■ Stored data:

######

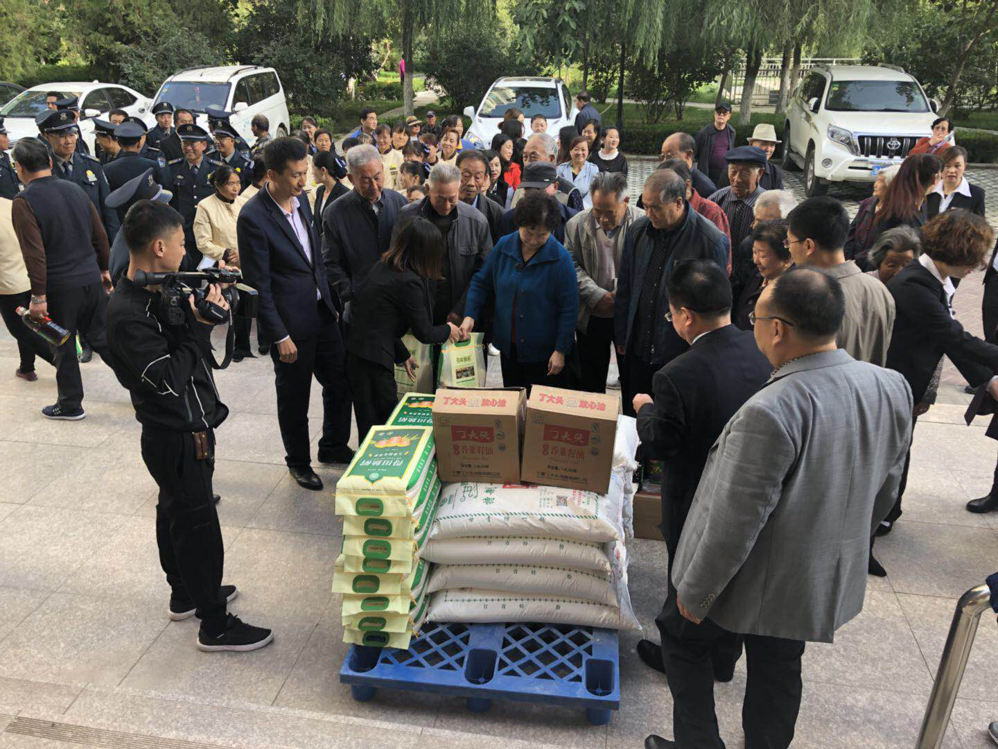 此次活动邀请街道办、社区、市房管局物管所及武威市电视台出席,对小区28户空巢老人发放了米、面、油等物品。
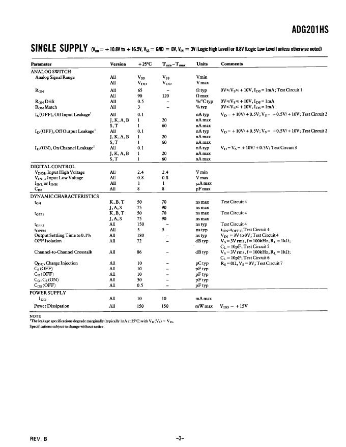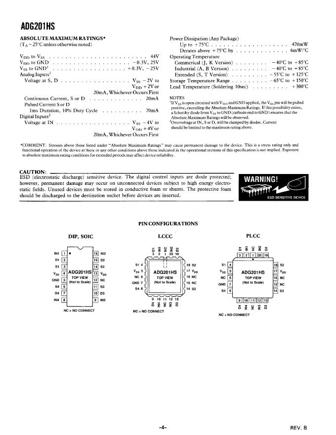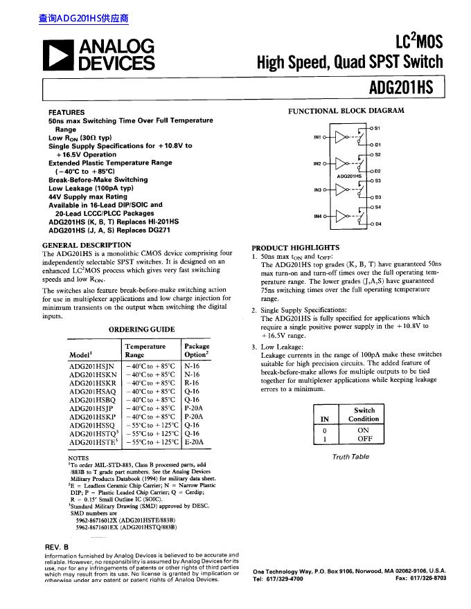 ANALOG DEVICES ADG201HS LC2MOS high speed quad SPST Switch 数据手册.pdf
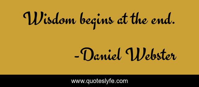 This page presents the quote "Wisdom begins at the end.". Author of this quote is Daniel Webster. This quote is about begins, end,.
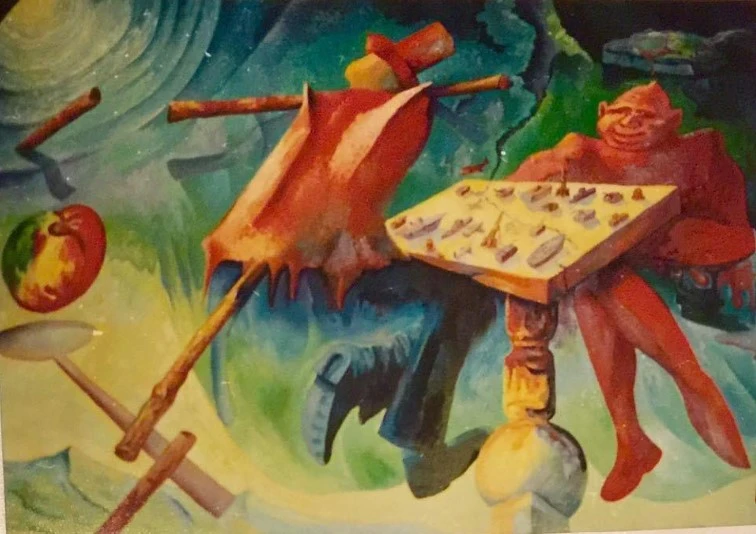 Bu masa, iktidarın sembolü olarak okunabilir. Masanın üzerindekiler, yönetilenlerin kader taşları ya da satranç taşları gibidir. Sanatçı burada bireylerin kaderinin nasıl bir “oyun tahtasında” belirlendiğini, toplumun nasıl manipülasyonlarla yönlendirildiğini ima ettim. Karşısında ise bedensiz bir forma bürünmüş “boş giysi”, insanın içinin boşaltılmış, kimliğinin soyulmuş hâlini temsil eder. Bu figür, modern insanın simgesidir: kıyafetleri, unvanları, toplumsal rolleri vardır ama ruhu eksiktir. Adeta kendisini dünyanın jandarması sanan kapitalist bloku simgeliyordu. Karşısında da adeta “ayıya” benzeyen tipleme ile komünist rakiplerini gösteriyordu.
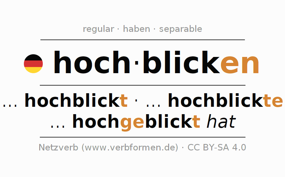 - Presente: blick(e) (du) hoch, blicken wir hoch, blickt (ihr) hoch, blicken Sie hoch
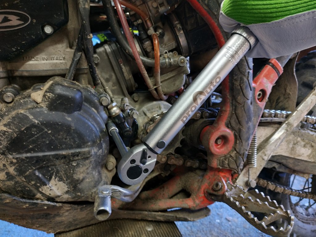 4. Pri dosiahnutí požadovaného momentu sa ozve hlasné "kliknutie". Potom treba prestať s doťahovaním skrutkového spoja.

######

I would like the data above transcribed exactly, with its pictures left out.

■ ANSWER FOR THIS EXERCISE:
 此次活动邀请街道办、社区、市房管局物管所及武威市电视台出席,对小区28户空巢老人发放了米、面、油等物品。
 ANALOG DEVICES ADG201HS LC2MOS high speed quad SPST Switch 数据手册.pdf
 This page presents the quote "Wisdom begins at the end.". Author of this quote is Daniel Webster. This quote is about begins, end,.
 Bu masa, iktidarın sembolü olarak okunabilir. Masanın üzerindekiler, yönetilenlerin kader taşları ya da satranç taşları gibidir. Sanatçı burada bireylerin kaderinin nasıl bir “oyun tahtasında” belirlendiğini, toplumun nasıl manipülasyonlarla yönlendirildiğini ima ettim. Karşısında ise bedensiz bir forma bürünmüş “boş giysi”, insanın içinin boşaltılmış, kimliğinin soyulmuş hâlini temsil eder. Bu figür, modern insanın simgesidir: kıyafetleri, unvanları, toplumsal rolleri vardır ama ruhu eksiktir. Adeta kendisini dünyanın jandarması sanan kapitalist bloku simgeliyordu. Karşısında da adeta “ayıya” benzeyen tipleme ile komünist rakiplerini gösteriyordu.
 - Presente: blick(e) (du) hoch, blicken wir hoch, blickt (ihr) hoch, blicken Sie hoch
 4. Pri dosiahnutí požadovaného momentu sa ozve hlasné "kliknutie". Potom treba prestať s doťahovaním skrutkového spoja.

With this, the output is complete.